When you use --internal, the NetworkConfiguration sets NetworkMode to hostOnly, which creates an isolated network without NAT. Containers can only communicate with the host and other containers on the same network. Without the flag, the network uses nat mode, allowing containers to reach external networks through the host's internet connection.

How does the system prevent subnet collisions?

The DefaultNetworkService in Sources/Services/Network/Server/DefaultNetworkService.swift implements the validateSubnet method, which checks your requested CIDR against all existing networks. If an overlap is detected, the API returns an error before creating the ReservedVmnetNetwork interface, preventing routing conflicts at the macOS vmnet level.

Can I use IPv6 automatic allocation like IPv4?

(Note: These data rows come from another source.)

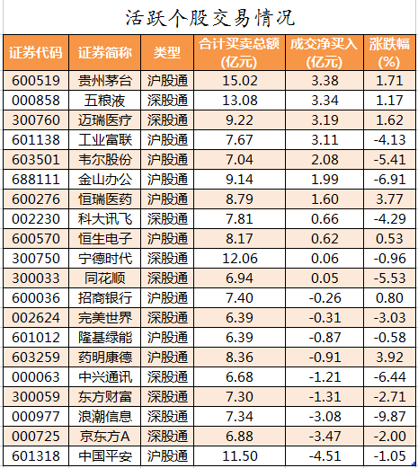 活跃个股方面,北向资金今日净买入较多的有贵州茅台、五粮液、迈瑞医疗、工业富联、韦尔股份,净买入金额分别为3.38亿元、3.34亿元、3.19亿元、3.11亿元、2.08亿元。北向资金净卖出较多的有中国平安、京东方A、浪潮信息、东方财富、中兴通讯,净卖出金额分别为4.51亿元、3.47亿元、3.08亿元、1.31亿元、1.21亿元。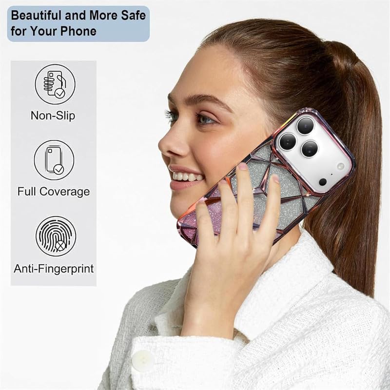 • ❥【Compatible with iPhone 】The Luxury Clear Glitter Bling Sparkly Shiny With Gradient Glitter Paper Aesthetic Elegant Shockproof Protective Phone Case Cover is ONLY Designed for iPhone 17 Pro,  iPhone 17 Pro Max Not fit for other phone models. Can Support the Wireless charging.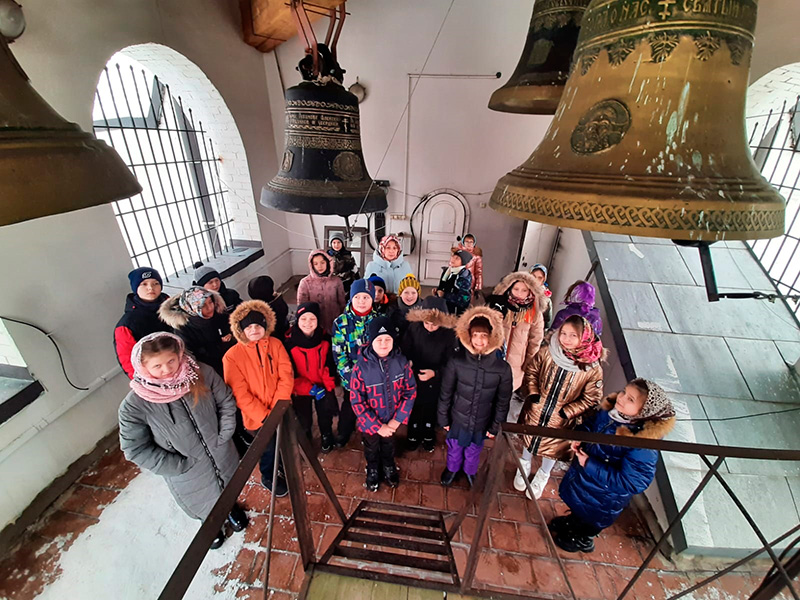 Ребята с интересом слушали рассказ об истории возникновения православия на Руси, частях и убранстве православного храм, иконах и фресках, о жизни святого Сергия Радонежского и Князя Владимира. Ребята задавали много вопросов, им было всё интересно. А то, что интересно, останется в памяти на долгие годы. Несомненно, самым захватывающим событием стала возможность подняться на колокольню, и, следуя православной традиции, позвонить в колокола. С высоты колокольни вокруг открывается прекрасный вид на окрестности города.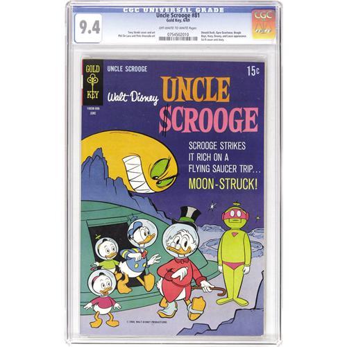 <B>Uncle Scrooge #81 (Gold Key, 1969) CGC NM 9.4 Off-white to white pages.</B></I> UFO cover and story. The Beagle Boys and Gyro Gearloose appear. Tony Strobl cover and art. Overstreet 2006 NM- 9.2 value = $75. CGC census 3/07: 1 in 9.4, none higher. <BR><BR><b>Shipping:</b> Comics - Slabbed (certified) (<a target="_blank" href="http://www.heritageauctions.com/common/shipping.php">view shipping information</a>)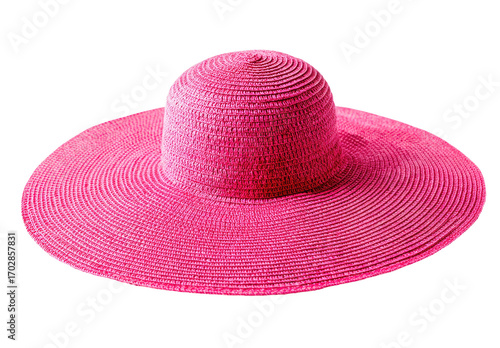 pink, straw, hat, sun, summer, wide, beach, vacation, fashion, accessory, headwear, protection, shade, style, bright, vibrant, colours, round, dome, top, texture, woven, natural, material, accessory, decoration, detail, isolated, simple, design, elegant, casual attire, holiday, gift, present, girlie, pretty, spring, hot, stylish, outfit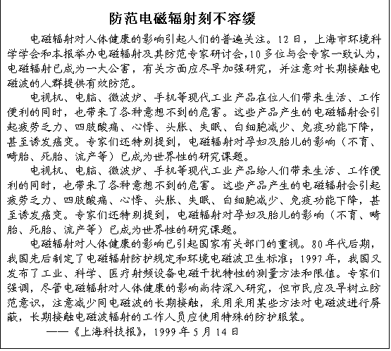 我們希望政府及有關(guān)職能部門采取切實措施,組織一些有關(guān)電磁知識的宣傳活動,讓人們在利用電磁波的同時清醒的意識到電磁波的危害,增強自我防護(hù)意識。如果需要,我們中學(xué)生愿意成為電磁輻射的義務(wù)宣傳員。具體措施如下:

Currently, automatic allocation is fully implemented for IPv4 only. For IPv6, you must explicitly provide a CIDR using the --subnet-v6 flag. The server validates that the IPv6 prefix does not overlap with existing networks, but it will not generate an IPv6 range automatically if you omit the flag.

What happens if I don't specify a subnet?

If you omit the --subnet flag, the DefaultNetworkService creates an AllocationOnlyVmnetNetwork instead of a ReservedVmnetNetwork. This automatically selects a non-overlapping IPv4 CIDR from the available pool and configures the vmnet interface without reserving a specific range, simplifying network creation when precise IP control is not required.